Well, beautiful Pepper doesn’t give a damn what you think about her. She never did. She’s thinking about the car. She slides her gaze along the seductive S-curve of the right side fender, swooping from the top of the tire to the running board below the door, like a woman’s voluptuously naked leg, and her heart beats a quarter-inch faster.
She remembers what a pain in the pert old derrière it was to repaint that glossy fender. It had been the first week of October, and the warm weather wouldn’t quit. The old shed on Cape Cod stank of paint and grease, a peculiarly acrid reek that had crept right through the protective mask and into her sinuses and taken up residence, until she couldn’t smell anything else, and she thought, What the hell am I doing here? What the hell am I thinking?

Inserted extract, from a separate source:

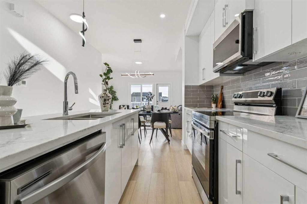 LOW CONDO FEES | MOVE-IN READY | 4 BED + DEN, 4 BATH UNIT | MAIN-FLOOR PRIVATE GUEST SUITE | TOTAL 1,840 SQ FT | Welcome to Unit 204 at Saddlecrest Living, a 4-bedroom plus den, 4-full-bath townhome located in a brand-new 43-unit community in Calgary’s Northeast. This home is spread across three levels with an attached garage, offering both space and flexibility for families. A standout feature is the main-floor private guest suite with a full bathroom and separate rear entry, ideal for extended family, guests, or future rental income potential. The main living area features an open-concept layout with 9-foot ceilings and triple-pane windows that bring in natural light while improving energy efficiency. The kitchen is finished with floor-to-ceiling cabinetry and premium quartz countertops, and stainless steel appliances, creating a clean and modern look. Upstairs, all bathrooms feature full-height tile for a contemporary finish. Carpeted bedrooms add comfort, and luxury vinyl plank flooring on the main level ensures durability and easy maintenance. Built for Calgary’s climate, the exterior combines stucco and Hardie siding for hail protection and low maintenance. Saddlecrest Living is a connected, family-friendly community close to schools, playgrounds, Saddletowne LRT, shopping, medical clinics, and fitness centres, with quick access to Stoney Trail, Calgary International Airport, Costco, CrossIron Mills, and New Horizon Mall. Whether this is your first home, a step up for a growing family, or a smart investment, Unit 204 offers space, versatility, and long-term value in one of Calgary’s fastest-growing corridors. Units in this building (#201-#205) are available for purchase individually or as a full package.

Thank God that was all over. Thank God this rare inky-black 1936 Mercedes Special Roadster is now someone else’s problem, someone willing to pay Pepper three hundred thousand dollars for the privilege of keeping its body and chrome intact against the ravages of time.
The deposit has already been paid, into a special account Pepper set up in her own name. (Her own name, her own money: now, that was a glorious feeling, like setting off for Europe on an ocean liner with nothing but open blue seas ahead.) The rest will be delivered today, to the Breakers hotel where Pepper is staying, in a special-delivery envelope. Another delightful little big check made out in Pepper’s name. Taken together, those checks will solve all her problems. She’ll have money for the baby, money to start everything over, money to ignore whoever needs ignoring, money to disappear if she needs to, forever and ever. She’ll depend on no one. She can do whatever the hell she pleases, whatever suits Pepper Schuyler and—by corollary—Pepper Junior. She will toe nobody’s line. She will fear nobody.
So the only question left in Pepper’s mind, the only question that needs resolving, is the niggling Who?
Who the hell is this anonymous buyer—a woman, Pepper’s auction agent said—who has the dough and the desire to lay claim to Pepper’s very special Special Roadster, before it even reaches the public sales ring?
Not that Pepper cares who she is. Pepper just cares who she isn’t. As long as this woman is a disinterested party, a person who has her own reasons for wanting this car, nothing to do with Pepper, nothing to do with the second half of the magic equation inside Pepper’s belly, well, everything’s just peachy keen, isn’t it? Pepper will march off with her three hundred thousand dollars and never give the buyer another thought.
Pepper lifts a tanned arm and checks her watch. It’s a gold Cartier, given to her by her father for her eighteenth birthday, perhaps as a subtle reminder to start arriving the hell on time, now that she was a grown-up. It didn’t work. The party always starts when Pepper gets there, not before, so why should she care if she arrives late or early? Still, the watch has its uses. The watch tells her it’s twenty-seven minutes past twelve o’clock. They should be here any moment: Pepper’s auction agent and the buyer, to inspect the car and complete the formalities. If they’re on time, and why wouldn’t they be? By all accounts, the lady’s as eager to buy as Pepper is to sell.